June 29, 1613 the Globe Theatre in London burns to the ground
The Globe Theatre in London caught fire June 29, 1613 during a production of Henry VIII.
A canon misfire during the performance set the theatre’s thatch roof alight. No one was hurt, aside from one man who’s breeches caught fire. Luckily for him, there was plenty of ale and onlookers used it to douse the flames. Sadly their wasn’t enough beer to save the Globe Theatre. It burned to the ground in about 2 hours.

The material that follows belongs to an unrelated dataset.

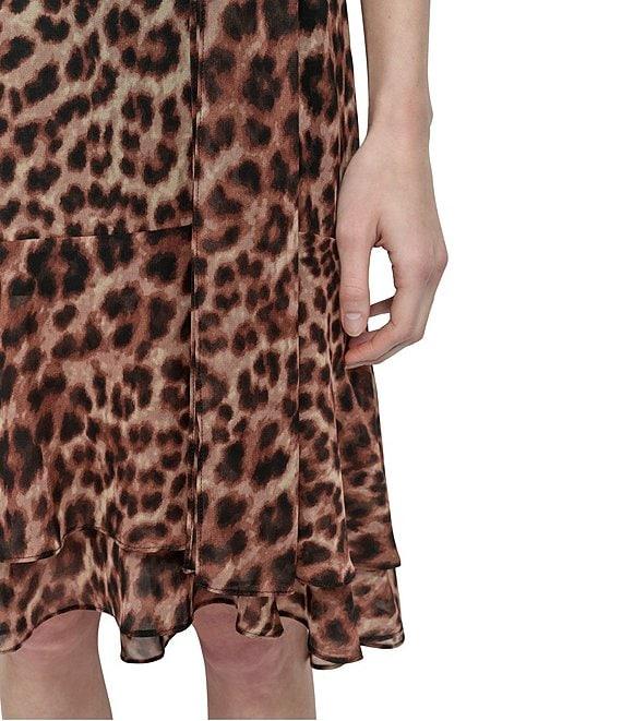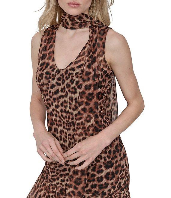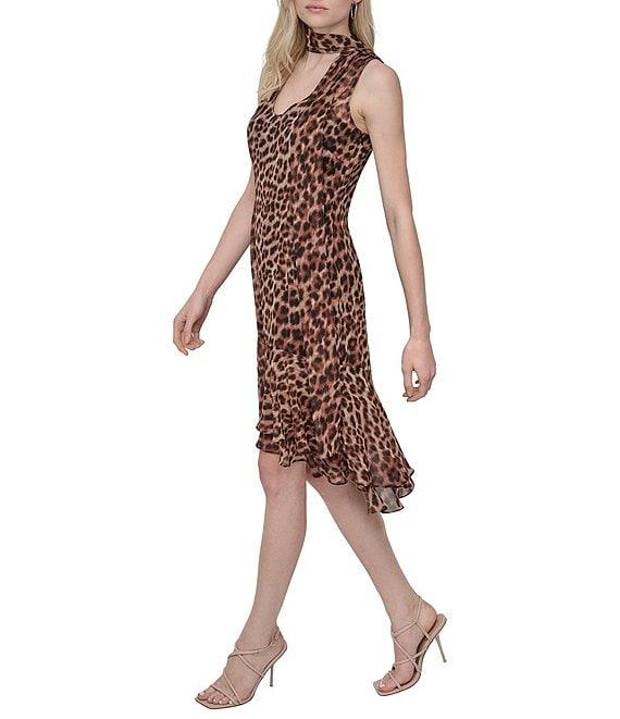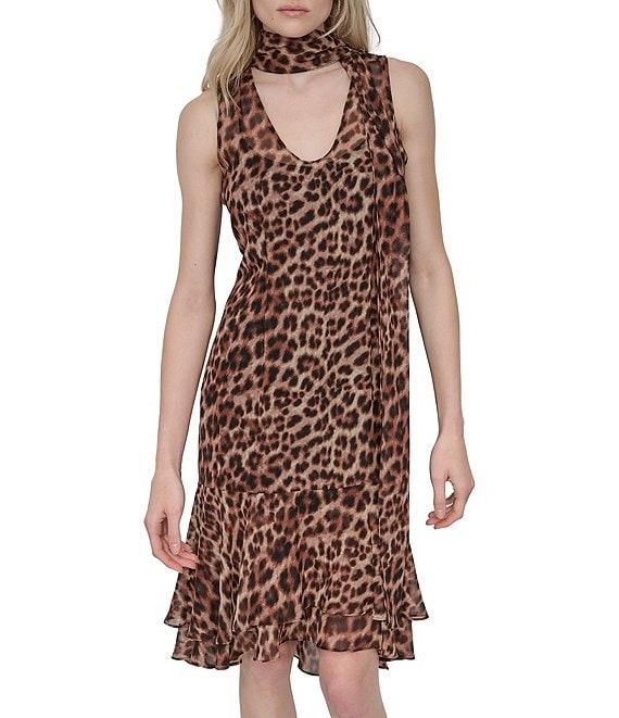 From DKNY by Donna Karan, this dress features: Chiffon fabrication V-neckline Sleeveless Fit and flare silhouette Ruffle hem Cheetah print High low hem Tie neck scarf Above the knee Lined Side zipper closure Approx. 34.75" in length Polyester Dry clean Imported.

The Swan, 1595 | The Rose, 1592 | The Globe, 1599 | The Hope, 1613 | The Globe, 1614
Reconstruction of Shakespeare’s Globe theatre
Issued in 1995
Designer: Cyril Walter Hodges
No longer since than yesterday, while Burbage’s company were acting at the Globe the play of Henry VIII, and there shooting off certain chambers in way of triumph, the fire catched and fastened upon the thatch of the house, and there burned so furiously, as it consumed the whole house, all in less than two hours, the people having enough to do to save themselves.
Reverend Thomas Lorkin in a letter to Sir Thomas Puckering June 30, 1613.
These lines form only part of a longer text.